Exercise details |
For the entries below, return every line from the top through the line with "- Bột Protein" exactly as it stands, omitting pictures.

═══ Source material

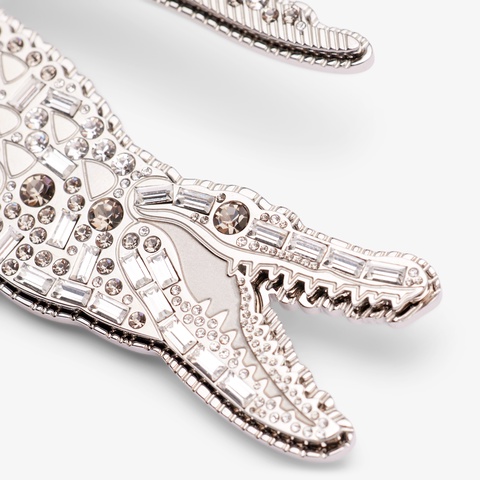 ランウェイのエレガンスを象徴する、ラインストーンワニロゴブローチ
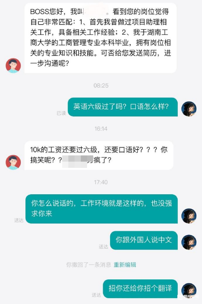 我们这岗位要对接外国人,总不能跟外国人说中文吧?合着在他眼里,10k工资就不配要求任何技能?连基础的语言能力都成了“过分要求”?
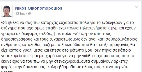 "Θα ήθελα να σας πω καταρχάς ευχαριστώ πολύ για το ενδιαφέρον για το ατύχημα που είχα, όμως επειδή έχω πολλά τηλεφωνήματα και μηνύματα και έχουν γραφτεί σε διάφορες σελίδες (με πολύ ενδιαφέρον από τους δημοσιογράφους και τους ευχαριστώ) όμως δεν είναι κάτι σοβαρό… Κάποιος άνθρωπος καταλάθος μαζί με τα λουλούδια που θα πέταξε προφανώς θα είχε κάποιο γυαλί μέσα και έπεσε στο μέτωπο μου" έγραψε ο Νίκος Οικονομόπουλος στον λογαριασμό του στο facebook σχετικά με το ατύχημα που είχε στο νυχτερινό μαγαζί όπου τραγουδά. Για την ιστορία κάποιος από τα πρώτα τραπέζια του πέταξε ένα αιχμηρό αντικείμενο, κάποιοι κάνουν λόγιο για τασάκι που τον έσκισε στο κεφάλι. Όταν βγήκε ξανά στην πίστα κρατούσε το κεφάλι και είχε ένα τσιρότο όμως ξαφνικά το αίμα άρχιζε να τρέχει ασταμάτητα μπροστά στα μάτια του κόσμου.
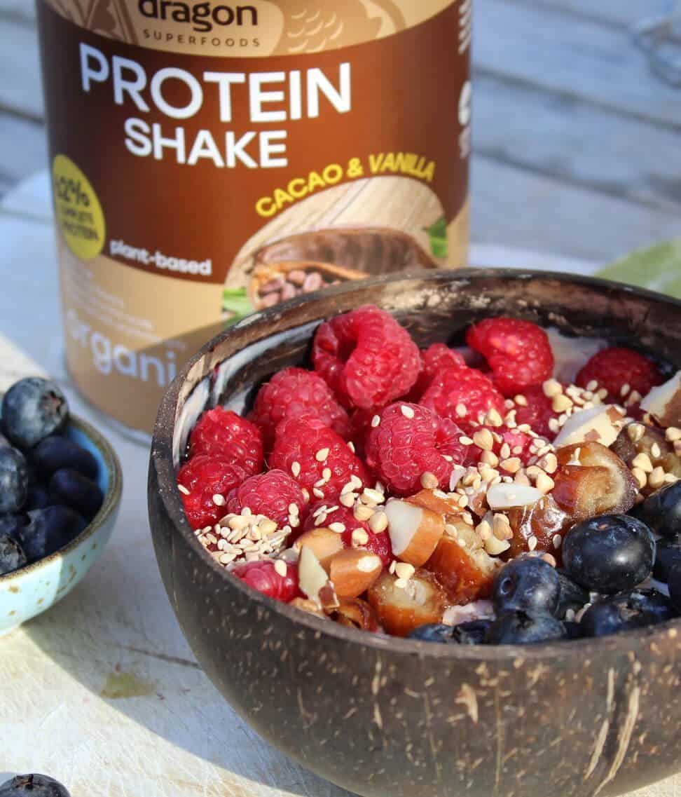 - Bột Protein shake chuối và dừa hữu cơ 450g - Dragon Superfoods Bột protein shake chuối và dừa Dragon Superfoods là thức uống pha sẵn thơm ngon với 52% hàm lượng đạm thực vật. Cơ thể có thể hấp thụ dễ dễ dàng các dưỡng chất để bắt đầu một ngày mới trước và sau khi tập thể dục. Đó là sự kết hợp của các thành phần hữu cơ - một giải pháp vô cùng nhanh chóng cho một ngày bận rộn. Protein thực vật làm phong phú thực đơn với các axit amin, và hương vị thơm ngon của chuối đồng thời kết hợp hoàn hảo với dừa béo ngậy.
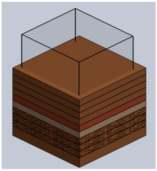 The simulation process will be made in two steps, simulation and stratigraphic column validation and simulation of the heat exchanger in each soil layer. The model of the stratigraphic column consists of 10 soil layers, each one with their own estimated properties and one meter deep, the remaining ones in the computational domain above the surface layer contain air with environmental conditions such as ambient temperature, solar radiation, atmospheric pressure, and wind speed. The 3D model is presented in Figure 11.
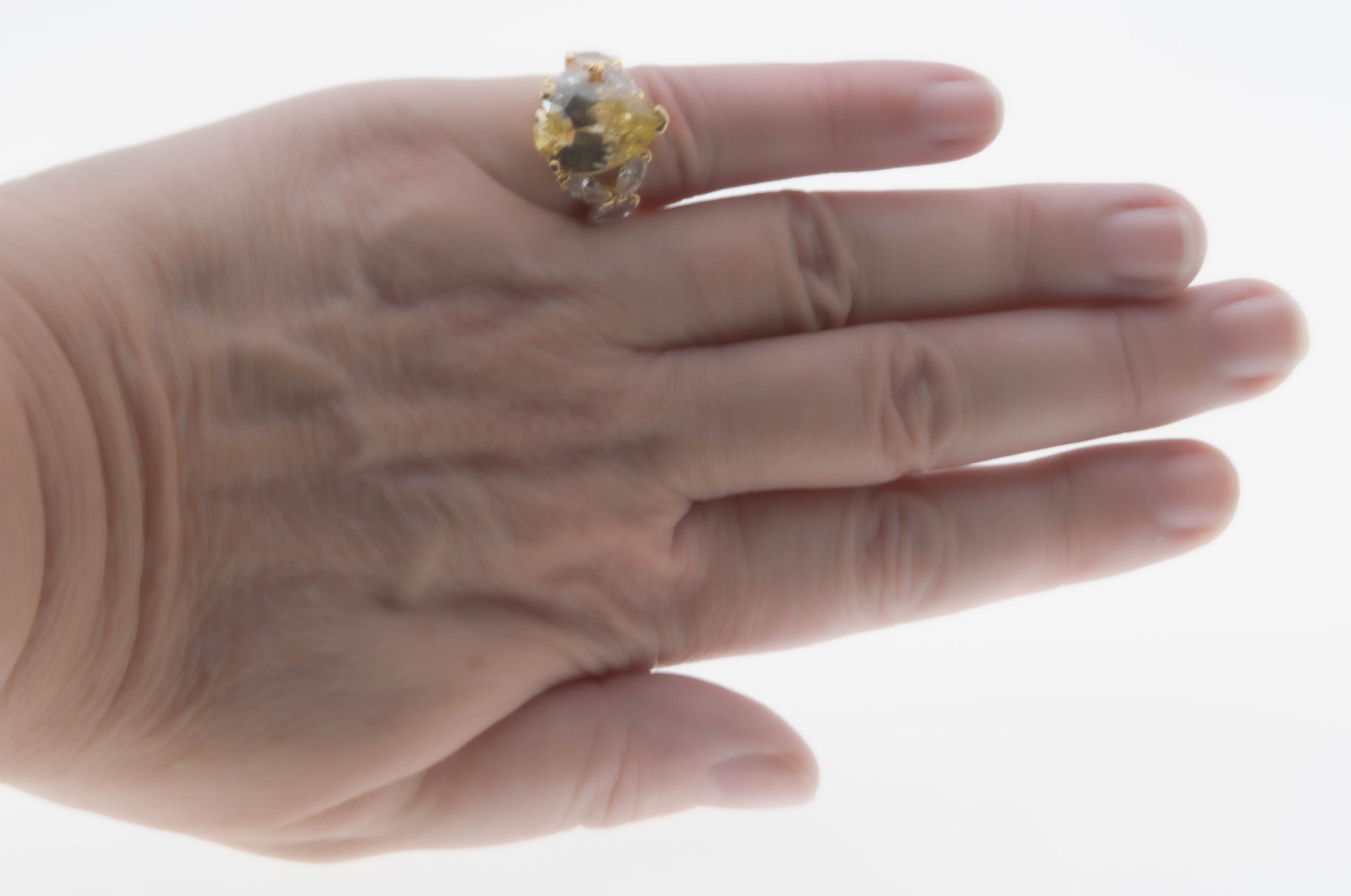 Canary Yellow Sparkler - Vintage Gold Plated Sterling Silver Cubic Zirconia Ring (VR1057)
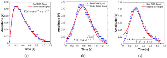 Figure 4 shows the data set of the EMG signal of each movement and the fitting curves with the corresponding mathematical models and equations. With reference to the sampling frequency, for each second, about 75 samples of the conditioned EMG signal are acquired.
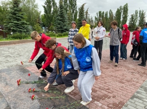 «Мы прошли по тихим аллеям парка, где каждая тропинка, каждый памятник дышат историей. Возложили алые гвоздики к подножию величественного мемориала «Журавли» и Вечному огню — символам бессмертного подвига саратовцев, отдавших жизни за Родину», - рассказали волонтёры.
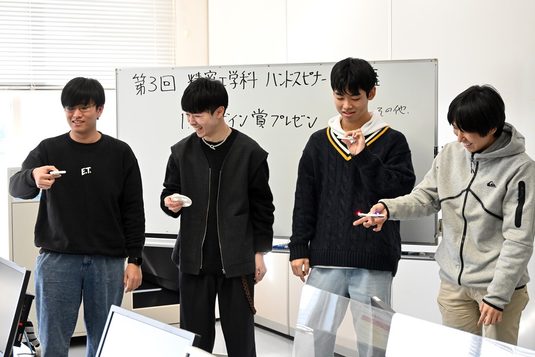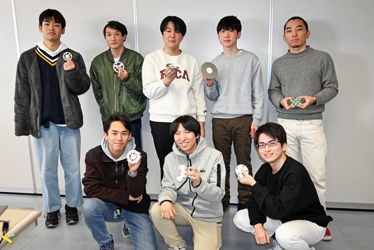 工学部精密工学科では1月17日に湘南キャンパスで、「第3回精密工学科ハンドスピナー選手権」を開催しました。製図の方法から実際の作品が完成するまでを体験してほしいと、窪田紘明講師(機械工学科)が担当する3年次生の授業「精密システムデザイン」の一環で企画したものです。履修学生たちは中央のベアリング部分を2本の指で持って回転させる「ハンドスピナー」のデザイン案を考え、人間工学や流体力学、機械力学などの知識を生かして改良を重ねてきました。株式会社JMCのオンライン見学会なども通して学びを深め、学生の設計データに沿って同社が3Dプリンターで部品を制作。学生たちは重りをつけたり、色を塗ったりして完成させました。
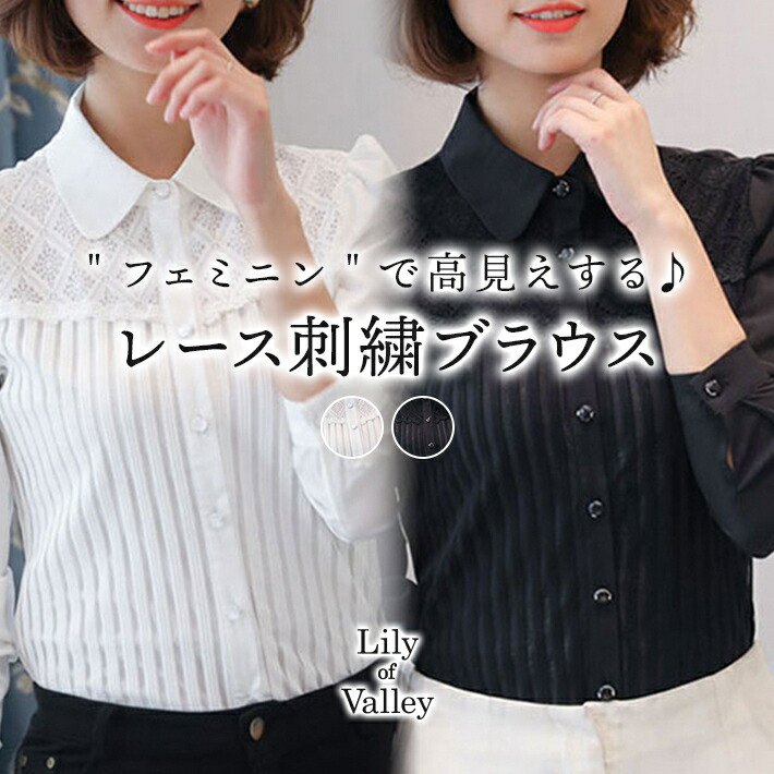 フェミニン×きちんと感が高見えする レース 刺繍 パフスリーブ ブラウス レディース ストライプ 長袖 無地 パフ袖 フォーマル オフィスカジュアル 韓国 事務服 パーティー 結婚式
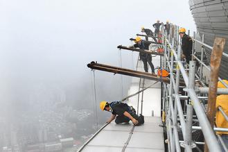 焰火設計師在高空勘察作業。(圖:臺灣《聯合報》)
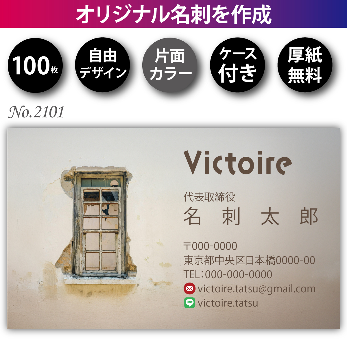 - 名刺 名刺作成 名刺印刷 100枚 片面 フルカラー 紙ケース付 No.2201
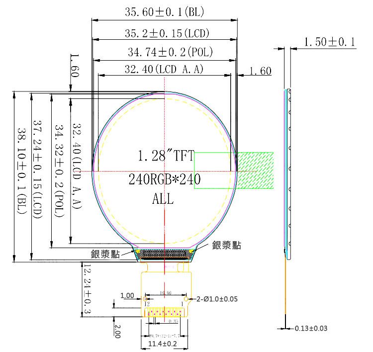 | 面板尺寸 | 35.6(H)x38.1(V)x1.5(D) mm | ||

══════

Output |
 ランウェイのエレガンスを象徴する、ラインストーンワニロゴブローチ
 我们这岗位要对接外国人,总不能跟外国人说中文吧?合着在他眼里,10k工资就不配要求任何技能?连基础的语言能力都成了“过分要求”?
 "Θα ήθελα να σας πω καταρχάς ευχαριστώ πολύ για το ενδιαφέρον για το ατύχημα που είχα, όμως επειδή έχω πολλά τηλεφωνήματα και μηνύματα και έχουν γραφτεί σε διάφορες σελίδες (με πολύ ενδιαφέρον από τους δημοσιογράφους και τους ευχαριστώ) όμως δεν είναι κάτι σοβαρό… Κάποιος άνθρωπος καταλάθος μαζί με τα λουλούδια που θα πέταξε προφανώς θα είχε κάποιο γυαλί μέσα και έπεσε στο μέτωπο μου" έγραψε ο Νίκος Οικονομόπουλος στον λογαριασμό του στο facebook σχετικά με το ατύχημα που είχε στο νυχτερινό μαγαζί όπου τραγουδά. Για την ιστορία κάποιος από τα πρώτα τραπέζια του πέταξε ένα αιχμηρό αντικείμενο, κάποιοι κάνουν λόγιο για τασάκι που τον έσκισε στο κεφάλι. Όταν βγήκε ξανά στην πίστα κρατούσε το κεφάλι και είχε ένα τσιρότο όμως ξαφνικά το αίμα άρχιζε να τρέχει ασταμάτητα μπροστά στα μάτια του κόσμου.
 - Bột Protein shake chuối và dừa hữu cơ 450g - Dragon Superfoods Bột protein shake chuối và dừa Dragon Superfoods là thức uống pha sẵn thơm ngon với 52% hàm lượng đạm thực vật. Cơ thể có thể hấp thụ dễ dễ dàng các dưỡng chất để bắt đầu một ngày mới trước và sau khi tập thể dục. Đó là sự kết hợp của các thành phần hữu cơ - một giải pháp vô cùng nhanh chóng cho một ngày bận rộn. Protein thực vật làm phong phú thực đơn với các axit amin, và hương vị thơm ngon của chuối đồng thời kết hợp hoàn hảo với dừa béo ngậy.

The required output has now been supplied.